LC Sciences miRNA microarrays make use of a microfluidics on-chip synthesis platform, termed µParaFlo®, versus a traditional spotted array based on pre-synthesized oligonucleotides. This on-chip synthesis platform solves the issue of out of date microarrays because made-to-order microarrays can be produced on demand, delivering the most up-to-date research tools to researchers.

This miRBase release marks yet another significant update with the addition of close to 2400 experimentally verified novel mature miRNA sequences as well as large additions of deep sequencing data revealing a wealth of information about individual miRNA sequence isoforms. These numbers represent an increase in the number of unique Human miRNA sequences of 43%.

Chris Hebel, Vice President of Business Development at LC Sciences says, “We’re excited to be able to offer our customers the most up-to-date and complete coverage of known miRNAs. Many other providers claim complete coverage of miRNA sequences, but that fact is that some have only recently been able to their arrays to version 16 and others, even version 15. This is due to the inflexibility of their microarray platforms. Compared with pre-spotted or pre-synthesized arrays containing probe content based on miRBase versions as recent as 15, our arrays cover 59% more Human, 57% more Mouse, and 76% more Rat sequences. These are big numbers and they represent information that I don’t think researchers would want to miss.”

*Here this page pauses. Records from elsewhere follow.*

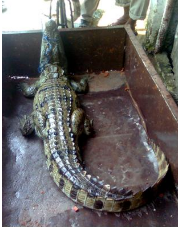
Figure 4. Mugger crocodile that have been captured by forest officials from Chandighat area (very close to Haridwar city) during September 2009. The individual was later released in Rawasan River-a tributary of river Ganges.

higher than those in the other phases, during January to February, however by the end of March, those in surface bask category were higher and only at 1700 h, the number of crocodiles were found more in the basking phase thus, there was a change in the choices of basking phase, from land basking to basking in contact with water (Venugopal and Prasad, 2003).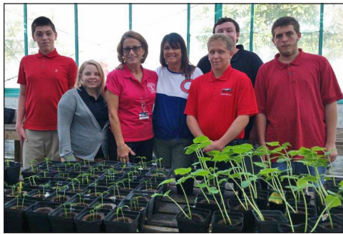
Collaboration with Atlantic high school.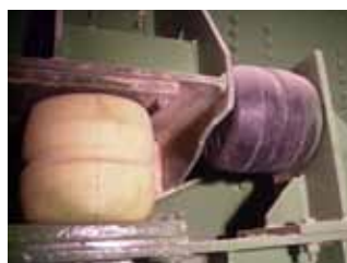
Longitudinal stops or traction springs To limit forward or backward movement of the machine under load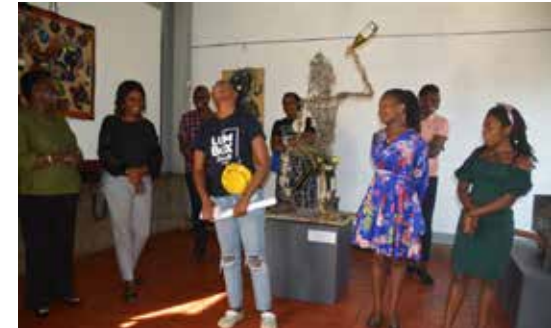
Excited students explain their work

A one week's Art exhibition featuring work by Sculpture students was held from 20 th to 26 th July 2022 at the Institute of Heritage, Conservation and Restoration, Makerere Art Gallery.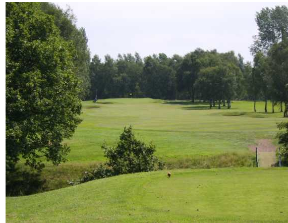
13 th Fairway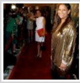
Debbie Allen Dance Academy Presenting Free Concert With Complexions Contemporary Ballet (94.7 The WAVE)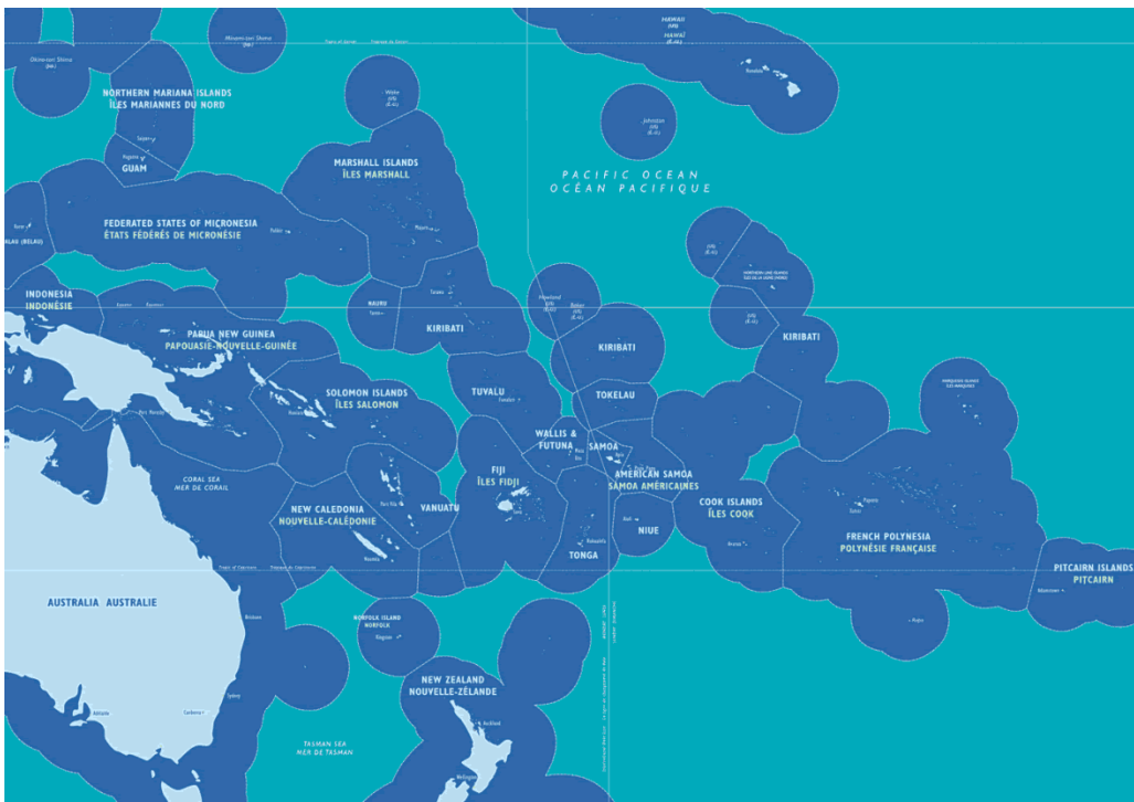
Figure 1; Secretariat of the Pacific Community Member Countries

Secretariat of the Pacific Community (SPC) is the Pacific Island region's principal technical and scientific organisation. It delivers technical, scientific, research, policy and training support to Pacific Island countries and territories in fisheries, agriculture, forestry, water resources, geoscience, transport, energy, disaster risk management, public health, statistics, education, human rights, gender, youth and culture. SPC was established in 1947 and employs over 600 staff. Its headquarters are in Noumea, New Caledonia, with other offices in Fiji, Federated States of Micronesia and Solomon Islands. SPC has 26 member countries and territories including its founding members, Australia, France, New Zealand and the United States of America, which contribute a large proportion of its funding. Other major development partners are the European Union; Global Fund to Fight AIDS, Tuberculosis and Malaria; United Nations agencies; Asian Development Bank; World Bank and Global Environment Facility.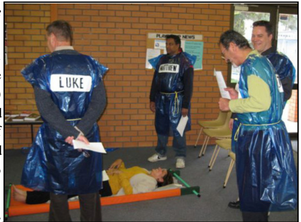
Above: Participant prepares to be "carried" by the Word of God - four burly evangelists.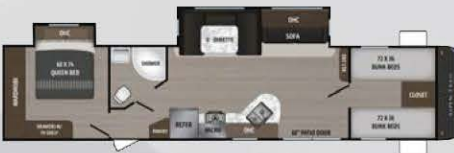
ASPEN TRAIL 3650BHDS Length: 39' 9" Weight: 8,179 lbs. Sleeps: 8-10 Hitch: 930 lbs. Height: 11'5"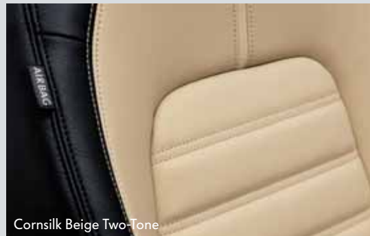
Cornsilk Beige Two-Tone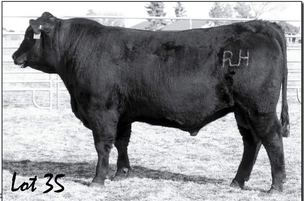
HALES BUTKUS E326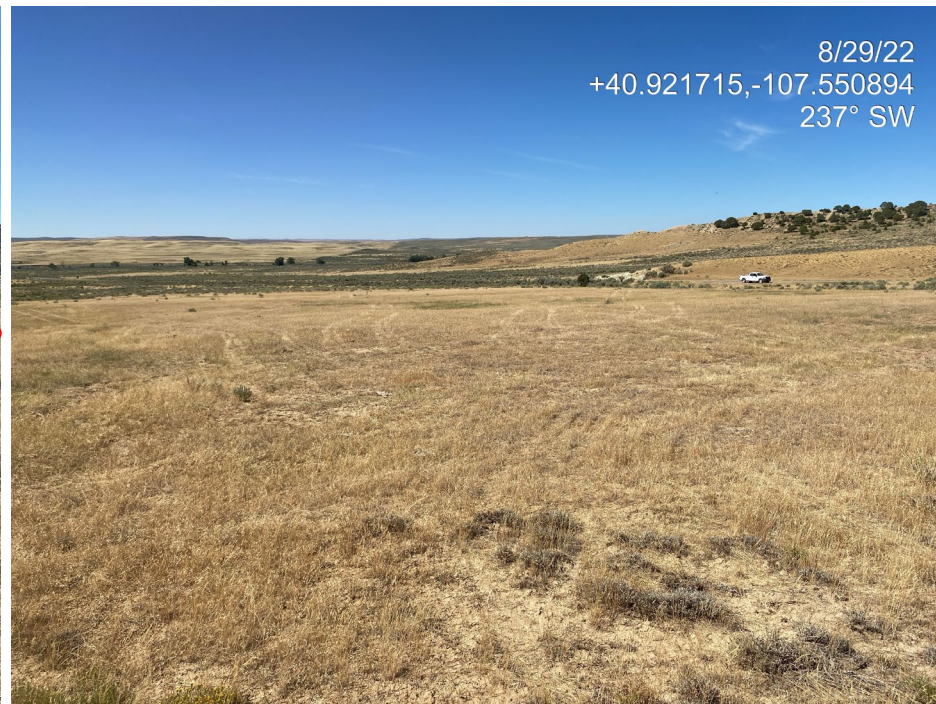
Photo 2. Photo taken from the northeast shows an overview of the Location. Note vehicle tracks throughout.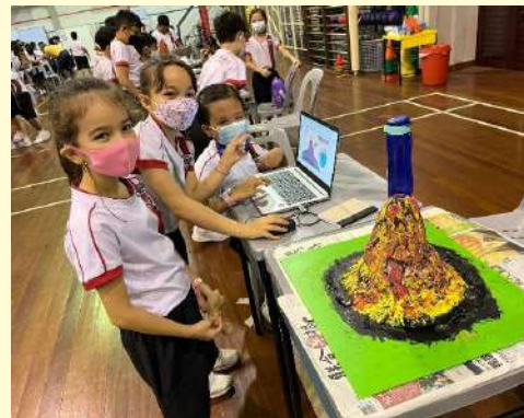
Teams are given the autonomy to present their solutions in various modes.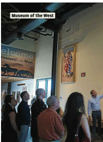
Museum of the West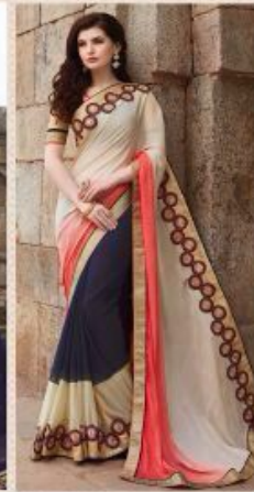
< 4171 >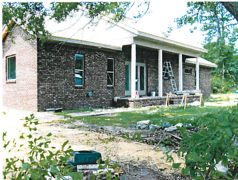
2 AUGUST 2011-- REAR VIEW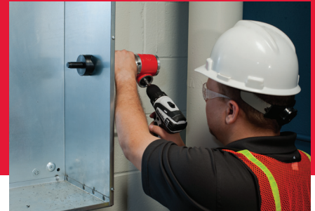
Perfect for tight places

The Gardner Bender mechanical driver is a compact, light-weight and field-serviceable knockout tool operated by a single person. Hydraulic drivers require hoses, seals, larger size tools and most need two people to operate.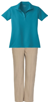
Life Enrichment (Teal / Tan)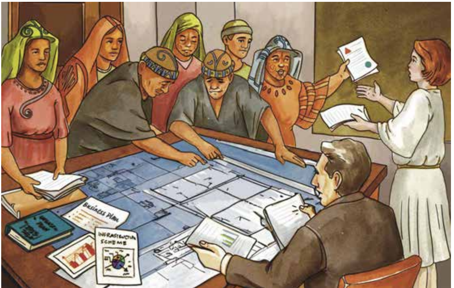
Community leaders and members demanding information, so that they can be fully informed.

If your community has not yet written your own FPIC protocol but are approached by investors and/or government officials seeking resources, you may want to follow the steps outlined in this section as soon as an investor and/or government officials arrive in your community. You can request that the first FPIC consultation meeting take place far enough in the future to allow your community to have the time necessary to prepare, get organized, and be ready.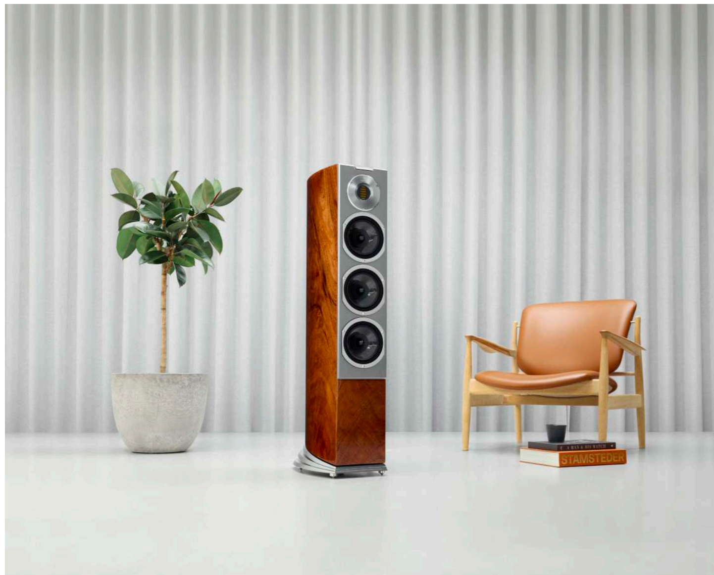
We use only carefully selected real wood veneers and offer a wide variety of custom finishes painted in Denmark.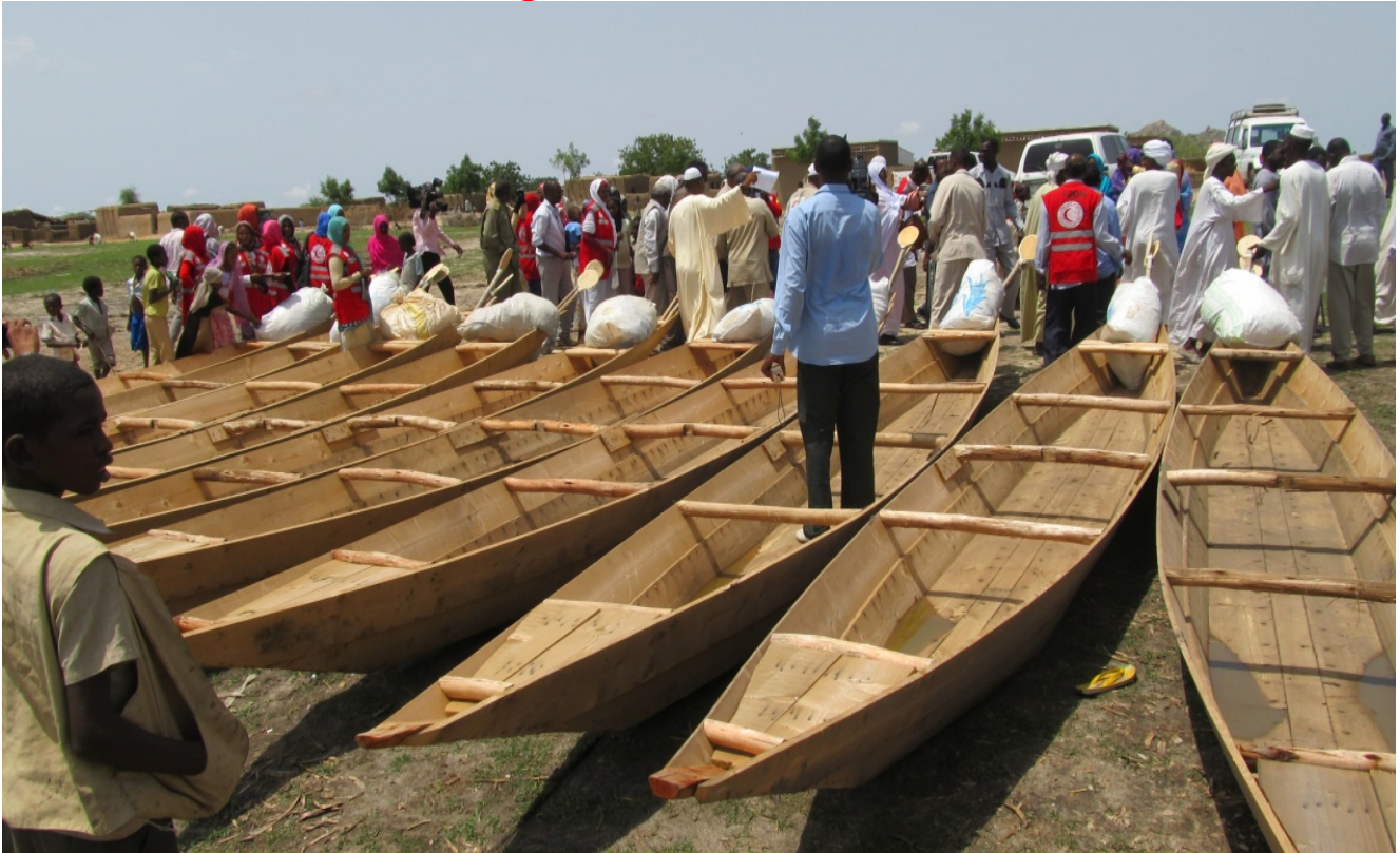
Equipped fishing boats for Alsalam and Algabalien – White Nile State.

Currently, in addition to the IFRC Country Office, there is an ICRC delegation, as well as 12 PNSs with in-country representation. Additionally, through pledges to programmes, 4 PNSs support the SRCS Humanitarian efforts. Such huge opportunities for supporting the NS had proved to be working in a harmony.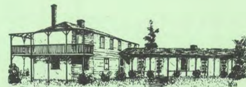
FORSTER ESTANCIA, LAS FLORES Built with Asistencia materials Sketch: "Amigos del Antaño"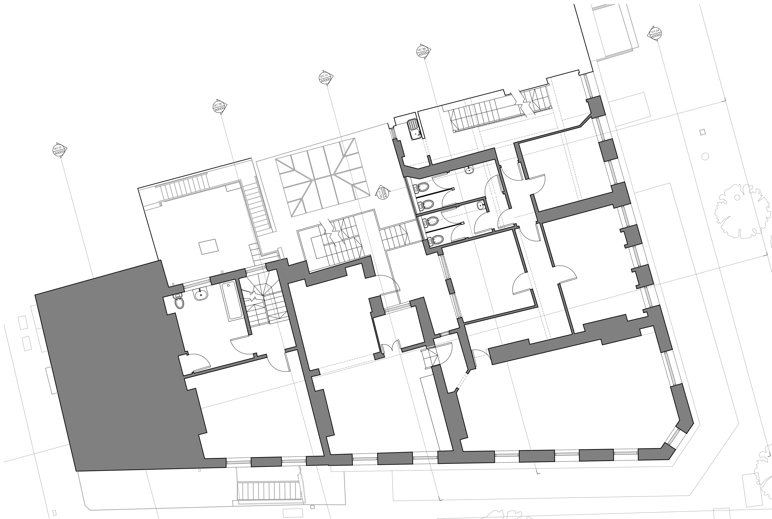
01 Existing Second Floor Plan 1:100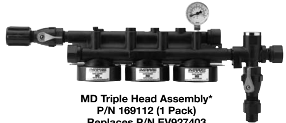
MD Triple Head Assembly* P/N 169112 (1 Pack) Replaces P/N EV927403 Designed for use with MD-CN & MD-CE filter cartridges.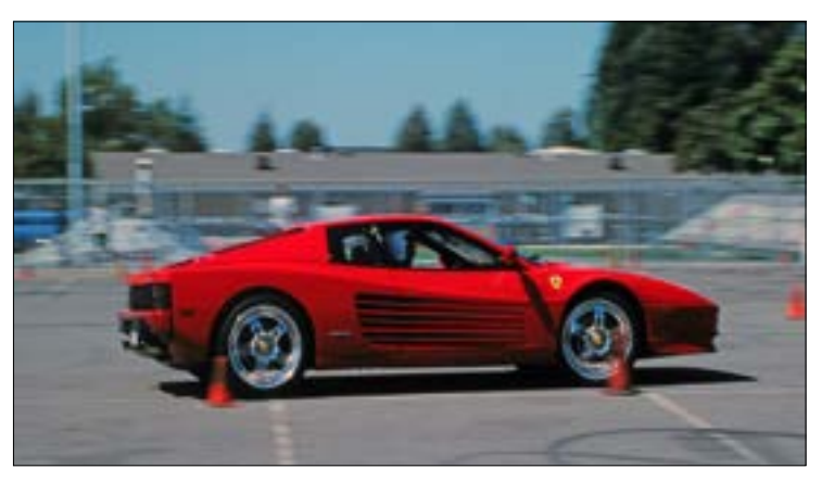
A Ferrari at the Petaluma Park & Ride next to the skateboard track.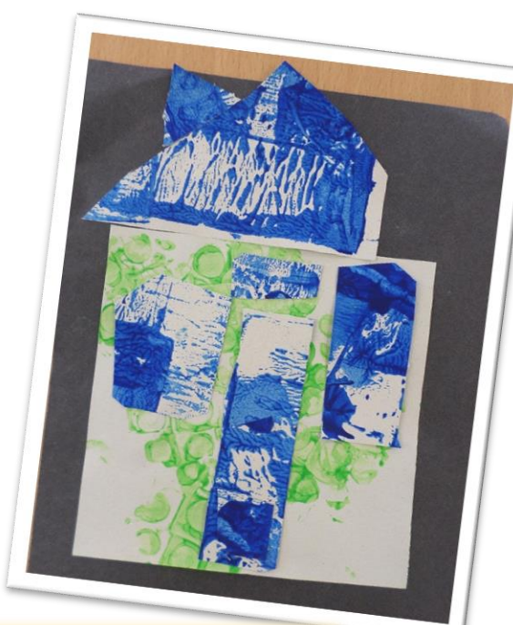
We are looking forward to lots more learning and fun in Term 2! Have a lovely half term everyone!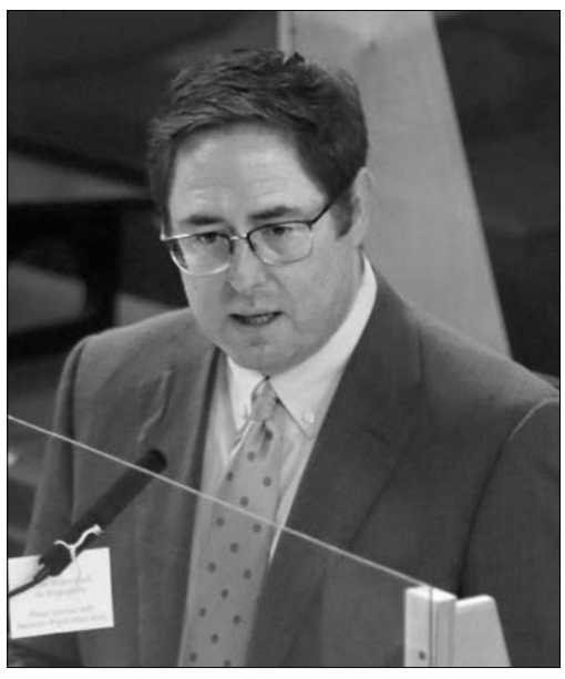
Sen. Michael Flood successfully increased funding for creative districts.

munities and change the trajectory of economic development in rural areas.

About microRNA (miRNA) – miRNAs are small non-protein-coding RNA molecules that function as negative regulators of gene expression by base pairing with specific mRNAs. This either inhibits translation or promotes mRNA degradation.

About miRBase - The miRBase sequence database is a comprehensive database of miRNA sequence data, annotation, and predicted gene targets and is the primary public repository for these data. Release 17 of the database contains 16,772 entries representing hairpin precursor miRNAs, expressing 19,724 mature miRNA products, in primates, rodents, birds, fish, worms, flies, plants and viruses (miRBase release summary). The miRBase Registry also provides a gene-naming service for assigning official miRNA names to novel miRNAs before they are published. It is freely available to all at http://www.mirbase.org/registry.shtml.

About LC Sciences - LC Sciences offers discovery, profiling and validation services for microRNA and other small RNAs. Services include deep sequencing for discovery applications, microarrays for differential expression profiling and validation/confirmation of newly discovered microRNAs, and qRT-PCR for quantitation of microRNA expression levels. These comprehensive services are designed to be one-stop and produce the results needed to quickly advance your biological and biomedical research. Combining the latest deep sequencing technology with our µParaflo® on chip synthesis technology offers unprecedented flexibility and customization capability.

More information about LC Sciences is available at http://www.LCsciences.com.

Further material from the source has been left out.